*What you need to do:* Given the records underneath, please repeat exactly the lines from the line with "Dit model heeft" through the line with "从提前退休的存款预期来看,3", passing over any picture.

*Records supplied:*
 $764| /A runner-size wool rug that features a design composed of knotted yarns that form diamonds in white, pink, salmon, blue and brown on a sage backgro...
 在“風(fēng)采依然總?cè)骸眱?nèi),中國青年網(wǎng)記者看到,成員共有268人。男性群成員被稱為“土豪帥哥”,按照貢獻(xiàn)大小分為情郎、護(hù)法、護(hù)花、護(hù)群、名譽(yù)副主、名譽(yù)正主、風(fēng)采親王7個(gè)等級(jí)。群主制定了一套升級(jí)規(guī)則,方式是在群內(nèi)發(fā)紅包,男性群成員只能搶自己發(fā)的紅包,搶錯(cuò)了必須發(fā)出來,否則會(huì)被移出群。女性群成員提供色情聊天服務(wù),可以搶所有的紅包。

...

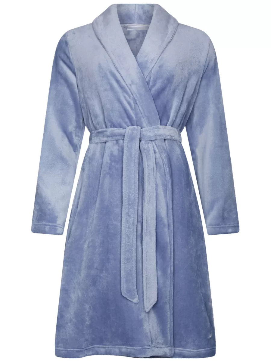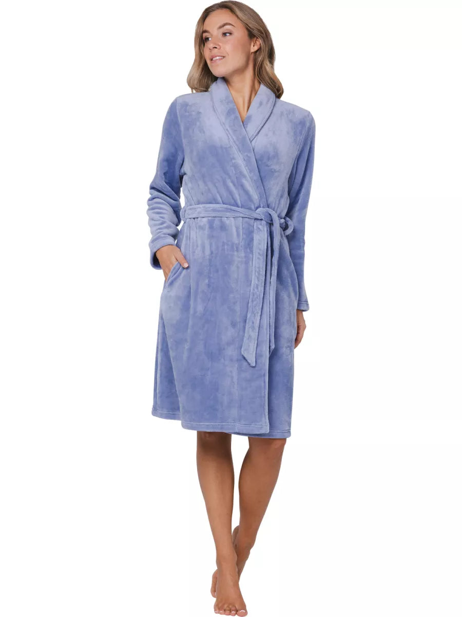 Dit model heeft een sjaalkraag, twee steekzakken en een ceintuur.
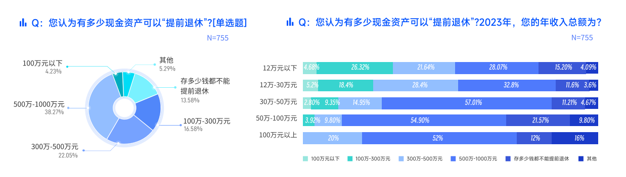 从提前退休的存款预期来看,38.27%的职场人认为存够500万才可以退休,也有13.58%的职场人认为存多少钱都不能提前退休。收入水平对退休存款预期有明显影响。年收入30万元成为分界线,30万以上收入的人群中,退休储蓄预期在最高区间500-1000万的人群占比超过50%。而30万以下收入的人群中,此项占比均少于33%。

*Solution below:*
 Dit model heeft een sjaalkraag, twee steekzakken en een ceintuur.
 从提前退休的存款预期来看,38.27%的职场人认为存够500万才可以退休,也有13.58%的职场人认为存多少钱都不能提前退休。收入水平对退休存款预期有明显影响。年收入30万元成为分界线,30万以上收入的人群中,退休储蓄预期在最高区间500-1000万的人群占比超过50%。而30万以下收入的人群中,此项占比均少于33%。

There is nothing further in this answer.